If Monte Carlo methods are one end of the spectrum and dynamic programming is the other, temporal difference learning occupies the middle ground—and it’s arguably the most important ground in all of reinforcement learning. TD methods learn from experience (like MC) but also bootstrap from estimates (like DP). They update on every step, not at episode end. They work online, in real time, without a model.

This is the chapter where the field’s two canonical algorithms live: SARSA and Q-Learning. One of them learns the policy you’re executing. The other learns the optimal policy regardless of what you’re doing. The difference is subtle, consequential, and completely obvious in hindsight.

TD(0): The One-Step Update

MC waits until the end of the episode to compute the return \(G_t\) and update \(V(S_t)\). TD(0) doesn’t wait. After one step, it knows \(R_{t+1}\) and \(V(S_{t+1})\), and uses their combination as an estimate of the true return:

\[V(S_t) \leftarrow V(S_t) + \alpha\left[R_{t+1} + \gamma V(S_{t+1}) - V(S_t)\right]\]

The quantity in brackets is the TD error \(\delta_t\): the difference between what you expected (\(V(S_t)\)) and what you got (\(R_{t+1} + \gamma V(S_{t+1})\)). Update your estimate by \(\alpha\) times this error.

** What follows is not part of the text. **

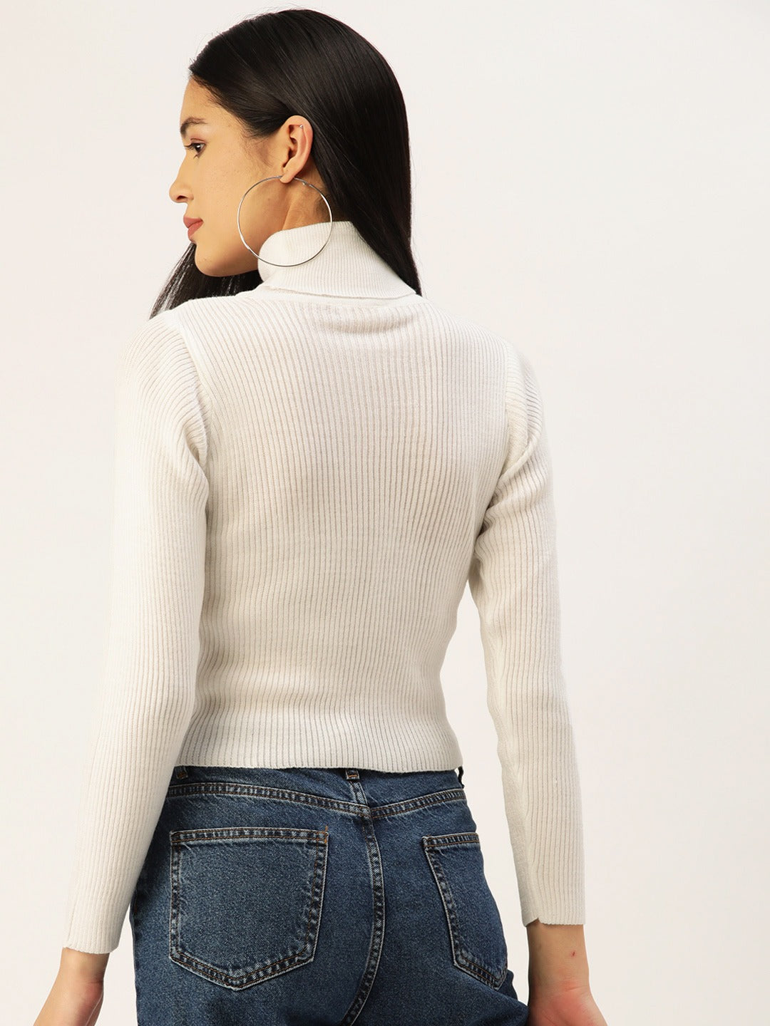 Fill your winter closet with perfect seasonal-inspired style and a touch of modernity just like this timeless Solid White Turtle Neck Ribbed Regular Sweater designed by Berrylush. Displaying turtle neck design elegantly accentuates your face while tucking in your neck with a smart and sleek appeal. The ribbed hemline lends this sweater helps to keep the cold out and retain warmth. Moreover, the regular length offers your upper body complete coverage with a modest appearance and functional style note. Be ready for casual or semi-formal events gorgeously by wearing this sweater with black trousers, a pair of high heels, silver stud earrings, and a classy side bag.

The key insight: \(R_{t+1} + \gamma V(S_{t+1})\) is the TD target—your new estimate of what \(V(S_t)\) should be. You’re not using the actual return; you’re using a one-step lookahead combined with your current estimate of \(V(S_{t+1})\). This is bootstrapping: using your own estimates to update your own estimates. It introduces bias (because \(V(S_{t+1})\) may be wrong), but dramatically reduces variance. The tradeoff between bias and variance is one of the deepest topics in RL.

We’ll demonstrate TD(0) on the Random Walk (S&B Figure 6.2): 5 states A–E with a terminal state at each end. The left terminal gives reward 0; the right terminal gives reward 1. All transitions otherwise give reward 0.

/ ============================================================
/ TD(0) Prediction — Random Walk (S&B Example 6.2)
/ ============================================================

/ States: 0=left_terminal, 1=A, 2=B, 3=C, 4=D, 5=E, 6=right_terminal
nRWStates:7
leftTerm:0; rightTerm:6

/ Random walk: uniform left/right at each step
rwStep:{[s]
  direction:$[rand[1.0f]<0.5f; -1; 1];
  s2:s+direction;
  reward:$[s2=rightTerm;1f;0f];
  done:(s2=leftTerm) or s2=rightTerm;
  `s`r`done!(s2;reward;done)
  }

/ True values under random policy: v(s) = s/6
/ (probability of reaching right terminal from state s)
trueV:7#0f;
trueV[1]:1f%6; trueV[2]:2f%6; trueV[3]:3f%6;
trueV[4]:4f%6; trueV[5]:5f%6;

/ TD(0) prediction
/ Runs nEpisodes episodes, returns V estimate after each batch
td0:{[alpha;gamma;nEpisodes]
  V:nRWStates#0f;          / initialise to 0 (true: 0.5)
  V[3]:0.5f;               / S&B uses V=0.5 for non-terminal init
  V[1]:0.5f; V[2]:0.5f; V[4]:0.5f; V[5]:0.5f;
  rmse_hist:();
  do[nEpisodes;
    s:3;   / start in centre (state C)
    done:0b;
    while[not done;
      result:rwStep[s];
      s2:result`s; r:result`r; done:result`done;
      / TD update
      target:r + gamma*$[done;0f;V[s2]];
      V[s]+:alpha*(target - V[s]);
      s:s2
    ];
    / Track RMSE against true values (non-terminal states only)
    rmse:sqrt avg (V[1 2 3 4 5]-trueV[1 2 3 4 5])xexp 2;
    rmse_hist,:rmse
  ];
  `V`rmse!(V;rmse_hist)
  }
/ Compare alpha values (S&B Figure 6.2)
r_a01:td0[0.05f;1f;100];
r_a02:td0[0.1f;1f;100];
r_a05:td0[0.15f;1f;100];

/ Final RMSE at episode 100
r_a01[`rmse][99]   / ~0.14
r_a02[`rmse][99]   / ~0.09  (typically best)
r_a05[`rmse][99]   / ~0.12  (converges fast, noisy)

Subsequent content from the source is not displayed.